A demo I've set up for sales seems to be spending much of it's time in
disk wait states.

The particular system I'm working with is:
Ext3 on Debian inside Microsoft VirtualPC on NTFS
on WindowsXP on laptops of our sales team.
Somewhat surprisingly, CPU performance is close to native; but disk IO
is much worse - probably orders of magnitude worse - since there are
so many layers of filesystems involved. Unfortunately, no, I don't
think the sales guys will upgrade to BSD. :)

The database is too large to fit entirely in memory (3GB of spatial data
using PostGIS); and has relative large updates (people can add "layers"
consisting of perhaps 10000 points, lines, and polygons out of a million
or so possibilities - they do this by doing 10K inserts into tables with
postgis geometry columns).

Steps I've already done:

* Gave virtual PC as much memory as possible (1/2 gig)

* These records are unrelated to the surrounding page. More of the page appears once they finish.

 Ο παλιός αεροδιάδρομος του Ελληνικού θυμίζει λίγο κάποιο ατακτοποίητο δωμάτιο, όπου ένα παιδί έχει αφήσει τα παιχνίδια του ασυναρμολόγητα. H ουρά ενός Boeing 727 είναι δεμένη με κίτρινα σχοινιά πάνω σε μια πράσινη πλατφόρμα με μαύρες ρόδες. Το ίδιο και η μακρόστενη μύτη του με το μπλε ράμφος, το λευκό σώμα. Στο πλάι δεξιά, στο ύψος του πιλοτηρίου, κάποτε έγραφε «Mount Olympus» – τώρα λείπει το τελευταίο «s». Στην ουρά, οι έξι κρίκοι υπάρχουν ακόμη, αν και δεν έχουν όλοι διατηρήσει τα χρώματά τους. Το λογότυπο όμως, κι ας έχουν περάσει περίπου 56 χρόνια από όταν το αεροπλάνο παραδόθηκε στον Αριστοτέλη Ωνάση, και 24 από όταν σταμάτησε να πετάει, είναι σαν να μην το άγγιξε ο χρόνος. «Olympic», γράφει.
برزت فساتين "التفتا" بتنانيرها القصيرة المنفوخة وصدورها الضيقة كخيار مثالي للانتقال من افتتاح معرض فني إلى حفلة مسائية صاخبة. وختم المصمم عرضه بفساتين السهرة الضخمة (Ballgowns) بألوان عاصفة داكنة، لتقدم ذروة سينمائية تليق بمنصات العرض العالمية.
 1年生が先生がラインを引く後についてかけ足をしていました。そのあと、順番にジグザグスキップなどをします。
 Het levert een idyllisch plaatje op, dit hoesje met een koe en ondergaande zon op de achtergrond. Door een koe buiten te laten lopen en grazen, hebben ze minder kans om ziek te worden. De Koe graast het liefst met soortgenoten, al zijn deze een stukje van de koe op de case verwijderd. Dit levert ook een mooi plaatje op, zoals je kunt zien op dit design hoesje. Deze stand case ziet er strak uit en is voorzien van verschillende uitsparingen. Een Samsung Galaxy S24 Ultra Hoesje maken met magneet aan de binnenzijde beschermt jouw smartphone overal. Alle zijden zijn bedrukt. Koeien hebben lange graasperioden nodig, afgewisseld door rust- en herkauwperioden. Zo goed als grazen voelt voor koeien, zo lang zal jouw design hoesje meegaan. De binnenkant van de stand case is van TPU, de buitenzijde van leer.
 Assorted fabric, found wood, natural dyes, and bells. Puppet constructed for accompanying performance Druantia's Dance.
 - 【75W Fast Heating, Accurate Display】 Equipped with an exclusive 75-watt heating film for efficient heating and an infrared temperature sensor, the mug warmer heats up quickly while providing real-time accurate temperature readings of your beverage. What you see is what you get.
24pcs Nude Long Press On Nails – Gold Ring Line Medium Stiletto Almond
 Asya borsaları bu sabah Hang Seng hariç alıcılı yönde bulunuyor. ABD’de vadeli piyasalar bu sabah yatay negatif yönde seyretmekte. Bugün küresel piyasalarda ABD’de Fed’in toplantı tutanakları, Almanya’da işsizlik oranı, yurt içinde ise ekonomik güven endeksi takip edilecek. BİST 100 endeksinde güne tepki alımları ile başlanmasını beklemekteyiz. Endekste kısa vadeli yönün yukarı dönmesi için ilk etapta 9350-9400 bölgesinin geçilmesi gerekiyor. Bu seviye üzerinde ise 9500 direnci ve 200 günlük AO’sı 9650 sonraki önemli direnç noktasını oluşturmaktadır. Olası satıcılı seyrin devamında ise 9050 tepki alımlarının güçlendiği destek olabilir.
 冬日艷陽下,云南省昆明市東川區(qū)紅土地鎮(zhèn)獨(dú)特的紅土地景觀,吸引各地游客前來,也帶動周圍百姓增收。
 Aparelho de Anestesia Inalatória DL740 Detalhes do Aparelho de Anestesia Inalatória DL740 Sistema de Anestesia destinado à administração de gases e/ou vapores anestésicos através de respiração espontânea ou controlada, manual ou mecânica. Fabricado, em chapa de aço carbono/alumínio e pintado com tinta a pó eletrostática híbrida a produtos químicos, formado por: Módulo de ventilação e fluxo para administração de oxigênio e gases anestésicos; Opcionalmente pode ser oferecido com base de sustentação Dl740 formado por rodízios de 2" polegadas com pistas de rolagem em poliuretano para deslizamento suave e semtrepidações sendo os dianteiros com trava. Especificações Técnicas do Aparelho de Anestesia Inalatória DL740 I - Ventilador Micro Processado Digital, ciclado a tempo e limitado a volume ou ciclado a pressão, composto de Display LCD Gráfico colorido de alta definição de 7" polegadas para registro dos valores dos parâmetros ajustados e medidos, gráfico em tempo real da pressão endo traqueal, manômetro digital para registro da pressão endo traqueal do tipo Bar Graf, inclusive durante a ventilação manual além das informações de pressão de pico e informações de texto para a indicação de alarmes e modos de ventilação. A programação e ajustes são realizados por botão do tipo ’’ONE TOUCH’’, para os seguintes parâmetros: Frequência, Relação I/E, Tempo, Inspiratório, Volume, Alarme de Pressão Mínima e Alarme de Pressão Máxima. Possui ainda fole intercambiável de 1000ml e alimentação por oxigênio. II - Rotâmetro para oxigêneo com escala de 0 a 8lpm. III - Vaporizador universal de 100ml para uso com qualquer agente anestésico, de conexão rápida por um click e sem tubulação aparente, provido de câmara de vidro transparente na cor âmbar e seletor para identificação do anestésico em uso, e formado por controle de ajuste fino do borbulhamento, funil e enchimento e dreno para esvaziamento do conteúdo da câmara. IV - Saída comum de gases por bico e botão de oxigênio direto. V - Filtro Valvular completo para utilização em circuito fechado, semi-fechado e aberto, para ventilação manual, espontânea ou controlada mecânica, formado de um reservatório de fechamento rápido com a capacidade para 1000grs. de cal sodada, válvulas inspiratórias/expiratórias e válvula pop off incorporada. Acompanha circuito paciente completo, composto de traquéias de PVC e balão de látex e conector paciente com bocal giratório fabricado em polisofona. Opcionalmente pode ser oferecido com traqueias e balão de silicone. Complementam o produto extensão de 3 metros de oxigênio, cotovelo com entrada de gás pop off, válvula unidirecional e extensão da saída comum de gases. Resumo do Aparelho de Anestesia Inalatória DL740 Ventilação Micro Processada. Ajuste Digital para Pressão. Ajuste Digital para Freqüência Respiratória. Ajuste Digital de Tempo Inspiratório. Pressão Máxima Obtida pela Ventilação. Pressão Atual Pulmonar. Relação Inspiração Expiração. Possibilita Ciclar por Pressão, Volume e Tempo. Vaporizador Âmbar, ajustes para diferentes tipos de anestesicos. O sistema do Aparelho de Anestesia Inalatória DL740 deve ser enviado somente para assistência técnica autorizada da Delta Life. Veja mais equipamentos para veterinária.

* Tuned postgresql.conf; setting
increased effective_cache_size to 10000
(tested a few values with this workload)
reduced cpu_index_tuple_cost to 0.0005
(encourages indexes which may reduce disk hits)
decreased random_page_cost to 2
(seems the fragmented NTFS means many sequential
access are probably a random access anyway)
increased work_mem to 15000
(sorting on disk was very VERY amazingly slow)
increased shared_buffers to 3000
(guess)

* Tuned ext3 (yeah, I'll try JFS or XFS next)
Journal_data_writeback == minimize journaling?
commit=600,noatime in fstab
* tuned the VM
echo 60000 > /proc/sys/vm/dirty_expire_centisecs
echo 70 > /proc/sys/vm/dirty_ratio

It seems for this workload, the two biggest benefits were
"commit=600" and writeback for ext3
and
"echo 60000 > /proc/sys/vm/dirty_expire_centisecs"

If I understand right, this combination says that dirty pages can sit in
memory far longer than the defaults -- and I guess this delays my bad IO
times to the point in the salesguys presentation when he's playing with
powerpoint:).

Much of this tuning was guesswork; but it did make the demo go from
"unacceptable" to "reasonable". Were any of my guesses particularly
bad, and may be doing more harm than good?

Any more ideas on how to deal with a pathologically slow IO system?